Step 1
|
Download the Cisco Nexus Dashboard image.
-
Browse to the Software Download page.
-
Click Nexus Dashboard Software.
-
From the left sidebar, choose the Nexus Dashboard version you want to download.
-
Download the Cisco Nexus Dashboard image for Linux KVM (nd-dk9.<version>.qcow2 ).
|
Step 2
|
Copy the image to the Linux KVM servers where you will host the nodes.
You can use scp to copy the image, for example:
# scp nd-dk9.<version>.qcow2 root@<kvm-host-ip>:/home/nd-base
The following steps assume you copied the image into the /home/nd-base directory.
|
Step 3
|
Create the required disk images for the first node.

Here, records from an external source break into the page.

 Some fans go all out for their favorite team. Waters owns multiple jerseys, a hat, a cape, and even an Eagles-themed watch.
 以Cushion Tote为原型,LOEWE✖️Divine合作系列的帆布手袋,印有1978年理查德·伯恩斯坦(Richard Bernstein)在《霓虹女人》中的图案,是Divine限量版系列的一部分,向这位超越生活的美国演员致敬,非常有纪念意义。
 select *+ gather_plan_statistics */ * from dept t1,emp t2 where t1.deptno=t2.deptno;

You will create a snapshot of the base qcow2 image you downloaded and use the snapshots as the disk images for the nodes' VMs. You will also need to create a second disk
image for each node.
-
Log in to your KVM host as the root user.
-
Create a directory for the node's snapshot.

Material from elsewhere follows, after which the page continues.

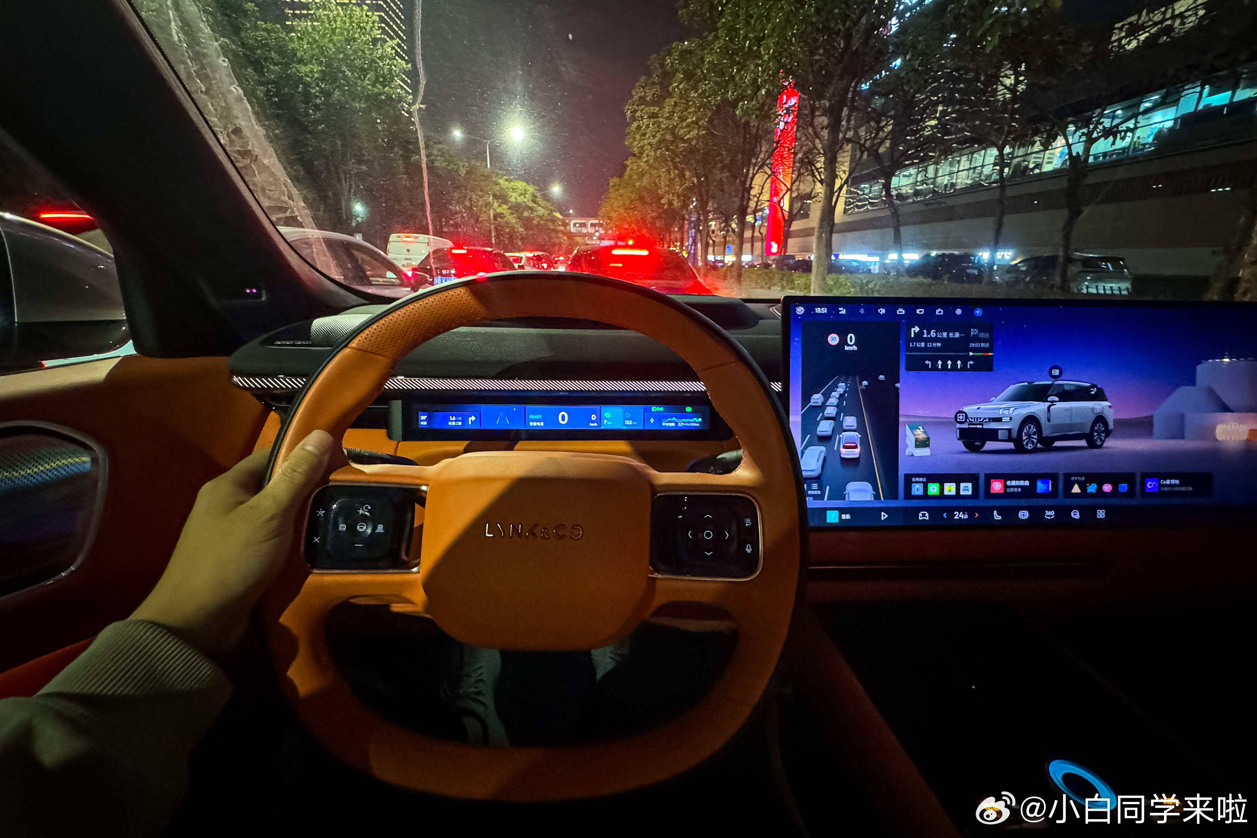 第一次开领克 900,这台车从 4 月完正月开始交付,全年交付 5 万多台。所以从交付成绩来看,领克 900 是一台很成功的车型。今天短途开下来,能明显的感受到这台车就是家庭用车,舒适风格的调校,但开起来又挺好开。中控+副驾一体大屏确实挺炫酷,很多交互、动画可以依赖这种完整大屏做的更完美一些。我还提期待理想 L 大改后用上这种大连屏会有怎样的创新玩法。因为现在的 L 系列我上车就会把副驾娱乐屏关闭,发挥不出更大的价值。但也有需要优化的点,那就是 HUD,首先 AR-HUD 清晰度不行,显示内容巨多,面积又很大,包括转向灯盲区影像也做了。清晰度没那么好的同时又会遮挡视野,上车没一会我就给关了。新能源汽车大v聊车

The following steps assume you create the snapshot in the /home/nd-node1 directory.
# mkdir -p /home/nd-node1/
# cd /home/nd-node1
-
Create the snapshot.
In the following command, replace /home/nd-base/nd-dk9.<version>.qcow2 with the location of the base image you created in the previous step.
# qemu-img create -f qcow2 -b /home/nd-base/nd-dk9.<version>.qcow2 /home/nd-node1/nd-node1-disk1.qcow2
Note
|
If you are deploying in RHEL 8.6, you may need to provide an additional parameter to define the destination snapshot's format
as well. In that case, update the above command to the following:
# qemu-img create -f qcow2 -b
/home/nd-base/nd-dk9.2.1.1a.qcow2
/home/nd-node1/nd-node1-disk1.qcow2
-F qcow2
|
-
Create the additional disk image for the node.

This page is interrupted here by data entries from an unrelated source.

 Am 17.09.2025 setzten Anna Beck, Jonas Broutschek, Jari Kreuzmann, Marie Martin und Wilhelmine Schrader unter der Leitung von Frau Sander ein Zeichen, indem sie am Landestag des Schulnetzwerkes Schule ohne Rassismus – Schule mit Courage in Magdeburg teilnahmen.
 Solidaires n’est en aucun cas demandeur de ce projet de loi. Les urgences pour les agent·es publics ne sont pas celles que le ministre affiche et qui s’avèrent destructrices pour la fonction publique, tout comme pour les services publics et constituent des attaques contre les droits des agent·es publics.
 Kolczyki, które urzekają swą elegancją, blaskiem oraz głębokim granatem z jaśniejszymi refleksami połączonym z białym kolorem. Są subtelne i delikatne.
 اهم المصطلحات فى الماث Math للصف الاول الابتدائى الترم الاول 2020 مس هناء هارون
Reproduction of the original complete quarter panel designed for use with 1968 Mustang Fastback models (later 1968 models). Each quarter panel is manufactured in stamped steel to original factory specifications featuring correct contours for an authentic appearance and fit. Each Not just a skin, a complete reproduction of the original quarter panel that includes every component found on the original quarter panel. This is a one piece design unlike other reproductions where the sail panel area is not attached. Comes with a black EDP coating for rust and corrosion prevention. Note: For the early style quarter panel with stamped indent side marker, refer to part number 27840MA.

Each node requires two disks: a snapshot of the base Nexus Dashboard qcow2 image and a second 500GB disk.
# qemu-img create -f qcow2 /home/nd-node1/nd-node1-disk2.qcow2 500G
|
Step 4
|
Repeat the previous step to create the disk images for the second and third nodes.
Before you proceed to the next step, you should have the following:
-
For the first node, /home/nd-node1/ directory with two disk images:
-
/home/nd-node1/nd-node1-disk1.qcow2 , which is a snapshot of the base qcow2 image you downloaded in Step 1.
-
/home/nd-node1/nd-node1-disk2.qcow2 , which is a new 500GB disk you created.
-
For the second node, /home/nd-node2/ directory with two disk images:
-
/home/nd-node2/nd-node2-disk1.qcow2 , which is a snapshot of the base qcow2 image you downloaded in Step 1.
-
/home/nd-node2/nd-node2-disk2.qcow2 , which is a new 500GB disk you created.
-
For the tthird node, /home/nd-node3/ directory with two disk images:
-
/home/nd-node1/nd-node3-disk1.qcow2 , which is a snapshot of the base qcow2 image you downloaded in Step 1.
-
/home/nd-node1/nd-node3-disk2.qcow2 , which is a new 500GB disk you created.
|
Step 5
|
Create the first node's VM.
-
Open the KVM console and click New Virtual Machine.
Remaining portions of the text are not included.